68.      Bovendien zij opgemerkt dat deze bepaling de toezichthoudende autoriteit verplicht om bij het besluit over de vraag of een administratieve geldboete moet worden opgelegd, in elk concreet geval rekening te houden met een aantal factoren. Het gaat in wezen om verzwarende en verzachtende omstandigheden die van invloed zijn op het besluit van de toezichthoudende autoriteit, zoals de aard, de ernst en de duur van de inbreuk, maar ook omstandigheden die verband houden met de gedraging van de verwerkingsverantwoordelijke, zoals het feit dat de inbreuk opzettelijk of uit nalatigheid is begaan.(29)

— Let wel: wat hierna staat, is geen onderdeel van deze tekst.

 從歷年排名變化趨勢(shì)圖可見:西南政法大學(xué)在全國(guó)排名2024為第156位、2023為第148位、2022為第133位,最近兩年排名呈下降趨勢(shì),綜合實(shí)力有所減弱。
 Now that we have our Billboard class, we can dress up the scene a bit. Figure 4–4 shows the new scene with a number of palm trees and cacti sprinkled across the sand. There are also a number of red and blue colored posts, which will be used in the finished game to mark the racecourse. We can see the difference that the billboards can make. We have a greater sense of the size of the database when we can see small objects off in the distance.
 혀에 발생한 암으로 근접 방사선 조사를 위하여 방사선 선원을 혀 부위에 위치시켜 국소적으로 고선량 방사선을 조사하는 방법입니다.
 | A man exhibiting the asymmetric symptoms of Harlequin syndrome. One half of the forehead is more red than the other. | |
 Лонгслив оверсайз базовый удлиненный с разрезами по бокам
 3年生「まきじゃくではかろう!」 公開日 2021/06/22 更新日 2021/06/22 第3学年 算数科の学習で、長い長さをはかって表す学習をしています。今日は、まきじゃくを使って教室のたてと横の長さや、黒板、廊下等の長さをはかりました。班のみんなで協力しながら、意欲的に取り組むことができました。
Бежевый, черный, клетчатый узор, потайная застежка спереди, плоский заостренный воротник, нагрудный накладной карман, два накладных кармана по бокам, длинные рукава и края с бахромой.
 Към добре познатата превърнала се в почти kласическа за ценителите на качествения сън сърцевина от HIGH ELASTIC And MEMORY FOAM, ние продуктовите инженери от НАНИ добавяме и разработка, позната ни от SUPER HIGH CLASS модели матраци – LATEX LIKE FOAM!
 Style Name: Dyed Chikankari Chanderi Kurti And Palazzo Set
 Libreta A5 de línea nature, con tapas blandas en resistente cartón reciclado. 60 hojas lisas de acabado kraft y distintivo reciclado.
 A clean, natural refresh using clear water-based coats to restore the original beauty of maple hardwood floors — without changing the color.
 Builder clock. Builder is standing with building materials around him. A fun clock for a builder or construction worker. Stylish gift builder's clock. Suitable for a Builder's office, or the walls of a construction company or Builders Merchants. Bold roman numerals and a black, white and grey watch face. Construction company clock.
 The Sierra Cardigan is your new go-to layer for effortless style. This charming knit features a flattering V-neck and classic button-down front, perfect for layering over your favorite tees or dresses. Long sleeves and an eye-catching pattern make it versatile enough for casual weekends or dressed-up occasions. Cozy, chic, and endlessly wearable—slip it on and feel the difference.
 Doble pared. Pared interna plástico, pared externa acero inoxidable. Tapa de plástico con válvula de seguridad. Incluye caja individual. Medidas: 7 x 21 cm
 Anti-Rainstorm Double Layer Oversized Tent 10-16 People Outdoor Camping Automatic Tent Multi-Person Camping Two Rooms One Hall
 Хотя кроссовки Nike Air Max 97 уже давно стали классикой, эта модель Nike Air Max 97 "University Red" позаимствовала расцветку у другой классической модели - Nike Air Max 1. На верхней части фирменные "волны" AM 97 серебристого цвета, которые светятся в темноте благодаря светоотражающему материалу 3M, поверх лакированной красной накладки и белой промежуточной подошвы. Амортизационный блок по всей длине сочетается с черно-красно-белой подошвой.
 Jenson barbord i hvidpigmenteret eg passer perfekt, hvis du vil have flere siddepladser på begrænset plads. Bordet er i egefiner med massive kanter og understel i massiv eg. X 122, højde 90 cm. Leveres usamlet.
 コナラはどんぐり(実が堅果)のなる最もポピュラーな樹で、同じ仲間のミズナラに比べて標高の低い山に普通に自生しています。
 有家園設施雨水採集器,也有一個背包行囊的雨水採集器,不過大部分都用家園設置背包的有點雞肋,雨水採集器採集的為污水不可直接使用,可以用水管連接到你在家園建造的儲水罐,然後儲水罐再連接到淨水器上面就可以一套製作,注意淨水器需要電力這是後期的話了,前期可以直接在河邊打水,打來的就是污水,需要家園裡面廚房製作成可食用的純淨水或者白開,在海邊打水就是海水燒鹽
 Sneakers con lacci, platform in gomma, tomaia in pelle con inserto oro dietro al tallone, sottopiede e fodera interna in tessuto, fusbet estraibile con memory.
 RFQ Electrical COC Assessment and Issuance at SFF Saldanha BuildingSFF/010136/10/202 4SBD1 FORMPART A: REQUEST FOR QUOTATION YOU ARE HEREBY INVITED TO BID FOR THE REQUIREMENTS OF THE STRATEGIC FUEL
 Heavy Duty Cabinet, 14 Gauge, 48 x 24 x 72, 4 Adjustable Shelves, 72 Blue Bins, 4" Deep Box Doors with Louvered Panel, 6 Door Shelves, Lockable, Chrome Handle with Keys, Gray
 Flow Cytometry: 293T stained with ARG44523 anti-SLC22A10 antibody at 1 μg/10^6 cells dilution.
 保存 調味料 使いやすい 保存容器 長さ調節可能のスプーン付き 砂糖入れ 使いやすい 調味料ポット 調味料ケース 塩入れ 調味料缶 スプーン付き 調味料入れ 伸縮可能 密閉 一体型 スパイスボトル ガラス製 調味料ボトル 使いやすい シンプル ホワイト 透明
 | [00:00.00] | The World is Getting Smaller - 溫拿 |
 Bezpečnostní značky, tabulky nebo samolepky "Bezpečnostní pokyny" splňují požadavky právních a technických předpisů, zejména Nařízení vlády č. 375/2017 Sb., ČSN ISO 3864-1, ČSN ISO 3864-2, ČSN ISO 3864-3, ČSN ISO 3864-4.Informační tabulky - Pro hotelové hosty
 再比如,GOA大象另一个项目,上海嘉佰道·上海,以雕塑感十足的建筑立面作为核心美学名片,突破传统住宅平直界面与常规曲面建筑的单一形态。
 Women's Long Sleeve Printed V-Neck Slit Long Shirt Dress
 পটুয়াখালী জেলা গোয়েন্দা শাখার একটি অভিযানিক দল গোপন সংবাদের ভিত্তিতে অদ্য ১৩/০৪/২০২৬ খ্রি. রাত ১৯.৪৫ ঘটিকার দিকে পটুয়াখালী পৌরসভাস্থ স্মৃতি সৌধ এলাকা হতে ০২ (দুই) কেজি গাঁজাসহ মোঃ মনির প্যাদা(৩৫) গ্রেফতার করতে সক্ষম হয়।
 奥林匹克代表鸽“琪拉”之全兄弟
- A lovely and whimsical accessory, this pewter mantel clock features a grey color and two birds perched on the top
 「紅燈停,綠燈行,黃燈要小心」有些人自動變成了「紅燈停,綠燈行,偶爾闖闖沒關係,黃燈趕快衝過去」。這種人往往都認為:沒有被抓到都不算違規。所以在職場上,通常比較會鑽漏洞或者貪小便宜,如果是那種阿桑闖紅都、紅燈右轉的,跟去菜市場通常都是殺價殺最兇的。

69.      In deze context zijn de tweede en de derde volzin van overweging 148 AVG mijns inziens relevant voor de uitlegging van artikel 83, lid 2, van deze verordening, aangezien hierin aanwijzingen worden gegeven over de omstandigheden die bij de besluitvorming in aanmerking moeten worden genomen. In deze overweging wordt het begrip „kleine inbreuk” geïntroduceerd, dat belangrijke gevolgen heeft voor de administratieve praktijk van de toezichthoudende autoriteit.(30) Hierin staat onder andere dat „[i]ndien het gaat om een kleine inbreuk of indien de te verwachten geldboete een onevenredige last zou berokkenen aan een natuurlijk persoon, [...] in plaats van een geldboete [kan] worden gekozen voor een berisping (cursivering van mij).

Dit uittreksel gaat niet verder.